### SOURCE DATA

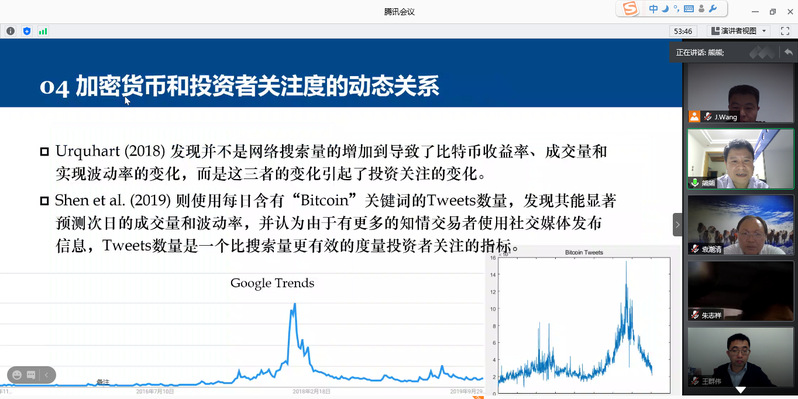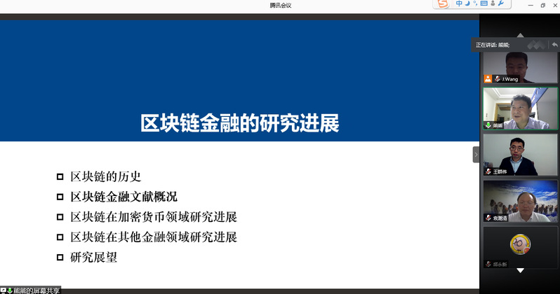 10月12日,天津大学教授熊熊应学院金融研究所邀请,在线为我校师生作了题为“区块链金融研究进展”的精彩学术讲座。本次讲座由金融研究所所长王建立主持。女优飞机杯 副院长王群伟、教授袁潮清、朱庆缘、副教授桑秀芝、陆珩瑱、讲师苏飞等教师及部分硕、博研究生共一百四十多人参加了本次学术交流。
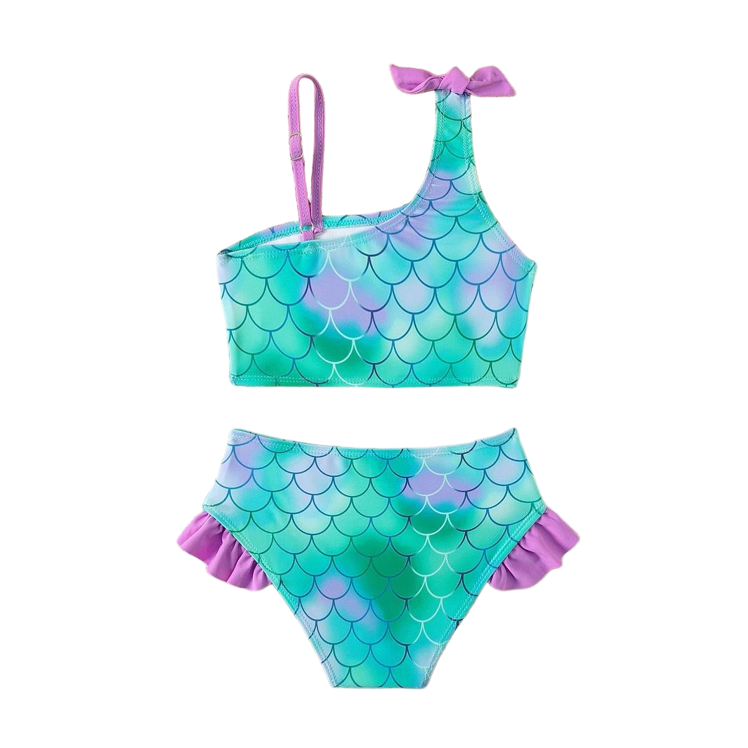 This eye-catching custom bikini set features a stunning shimmery foil print and ruffled details, offering a dazzling and playful beach look all-day wear.
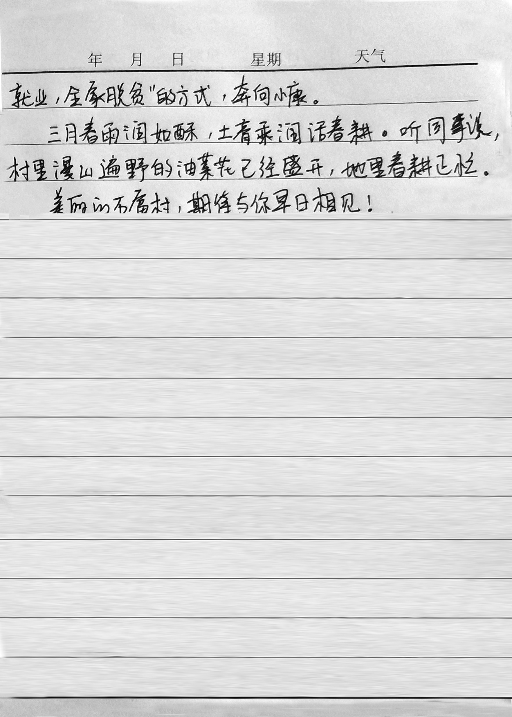 程亮每晚都對一天的情況進行總結,并堅持撰寫扶貧日記。
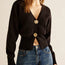 De Alina Zwarte Trui met 2 Knopen biedt een tijdloze mix van stijl en comfort. Voeg deze veelzijdige trui toe aan je garderobe en geniet van een warme, modieuze look die geschikt is voor elke gelegenheid.
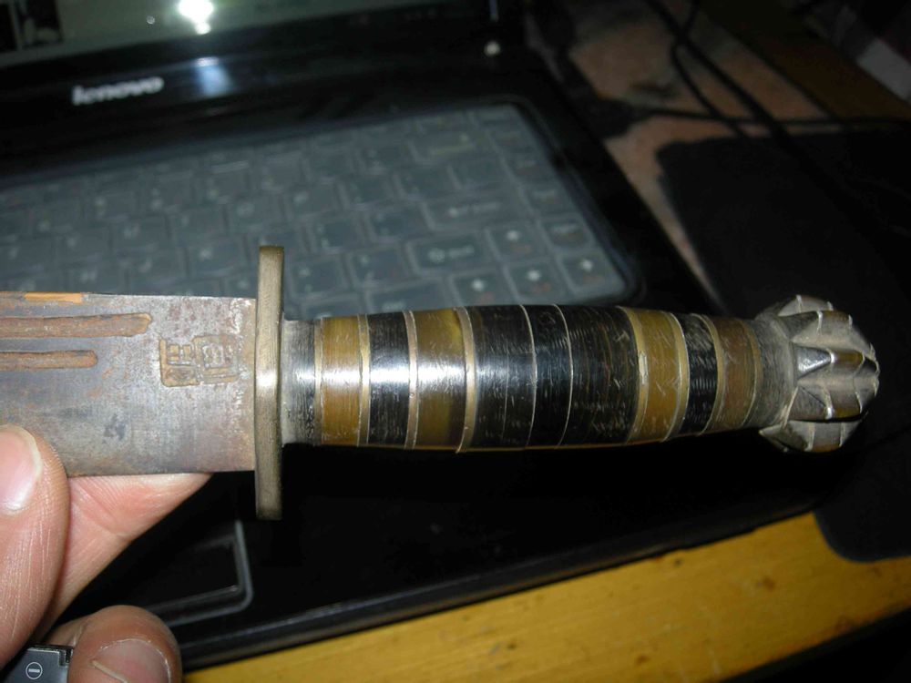 回复 我爱刁吧 :楔状刀形,三血槽,五角星,对称穿心柄,都是自卫反击的特色,只是年份不符
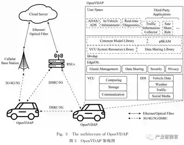 以智能网联车场景为例,车辆逐渐演变成一个移动的计算平台,越来越多的车载应用也被开发出来,车辆的各类数据也比较多。由.Zhang等人提出的OPenVDAP是一个开放的汽车数据分析平台,如下图3所示,Open VDAP分成4部分,分别是异构计算平台(VCU )、操作系统(EdgeOSv)、驾驶数据收集器(DDI)和应用程序库(libvdap),汽车可安装部署该平台,从而完成车载应用的计算,并且实现车与云、车与车、车与路边计算单元的通信,从而保证了车载应用服务质量和用户体验.因此,在边缘计算不同的应用场景下,如何有效地管理数据、提供数据分析服务,保证一定的用户体验是一个重要的研究问题。
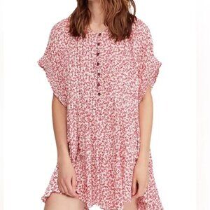 NWT Free People mini dress in red floral print. Size L. Runs oversized, drawstring at waist can be cinched. Button closure at top with short dolman sleeves
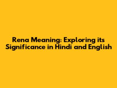 Rena Meaning: Exploring Its Significance In Hindi And English
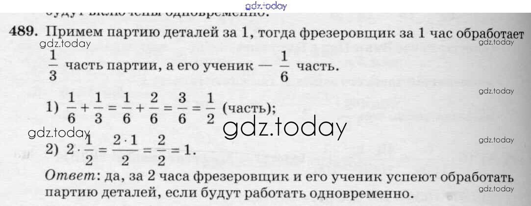 Ответы к Решение к упражнениям 489 Учебнику по Математике для 5 класса Зубарева, Мордкович Мнемозина 2015
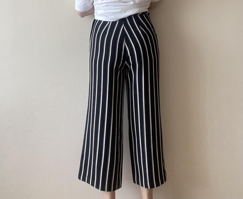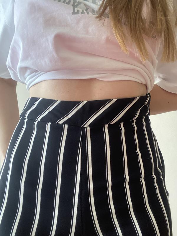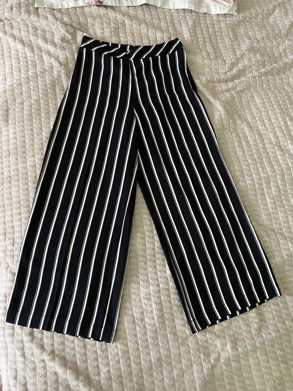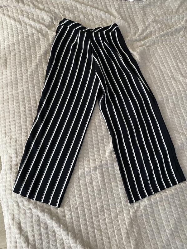 Смугасті штани-кюлоти. Потайна блискавка збоку та широкі прямі штанини. Посадка висока. Стан ідеальний, розмір М

######

DESCRIPTION OF THE TASK = Copy the listing above exactly, but only from the line with "程亮每晚都對一天的情況進行總結,并堅持撰寫扶貧日記。" through the line with "Rena Meaning: Exploring", including those two lines and excluding any picture.

RESULT OF THIS EXERCISE =
 程亮每晚都對一天的情況進行總結,并堅持撰寫扶貧日記。
 De Alina Zwarte Trui met 2 Knopen biedt een tijdloze mix van stijl en comfort. Voeg deze veelzijdige trui toe aan je garderobe en geniet van een warme, modieuze look die geschikt is voor elke gelegenheid.
 回复 我爱刁吧 :楔状刀形,三血槽,五角星,对称穿心柄,都是自卫反击的特色,只是年份不符
 以智能网联车场景为例,车辆逐渐演变成一个移动的计算平台,越来越多的车载应用也被开发出来,车辆的各类数据也比较多。由.Zhang等人提出的OPenVDAP是一个开放的汽车数据分析平台,如下图3所示,Open VDAP分成4部分,分别是异构计算平台(VCU )、操作系统(EdgeOSv)、驾驶数据收集器(DDI)和应用程序库(libvdap),汽车可安装部署该平台,从而完成车载应用的计算,并且实现车与云、车与车、车与路边计算单元的通信,从而保证了车载应用服务质量和用户体验.因此,在边缘计算不同的应用场景下,如何有效地管理数据、提供数据分析服务,保证一定的用户体验是一个重要的研究问题。
 NWT Free People mini dress in red floral print. Size L. Runs oversized, drawstring at waist can be cinched. Button closure at top with short dolman sleeves
 Rena Meaning: Exploring Its Significance In Hindi And English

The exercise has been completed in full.